(Task):
Leave out any picture and return the remaining listing below exactly as given.

(Information supplied):
........

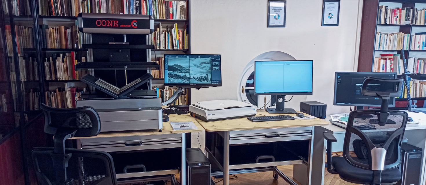
Pracownia digitalizacji wyposażona jest w komputery ze specjalistycznym oprogramowaniem do obsługi skanerów oraz obróbki graficznej fotografii obiektów muzealnych
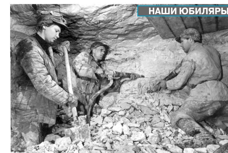
В забое «Новослободской». 1950 год.

На фабрике она работала до 1944 года. А в сорок четвертом по путевке комсомола девушку направили на Метрострой, на строительство № 6,

........

(Worked solution):
Pracownia digitalizacji wyposażona jest w komputery ze specjalistycznym oprogramowaniem do obsługi skanerów oraz obróbki graficznej fotografii obiektów muzealnych
В забое «Новослободской». 1950 год.

На фабрике она работала до 1944 года. А в сорок четвертом по путевке комсомола девушку направили на Метрострой, на строительство № 6,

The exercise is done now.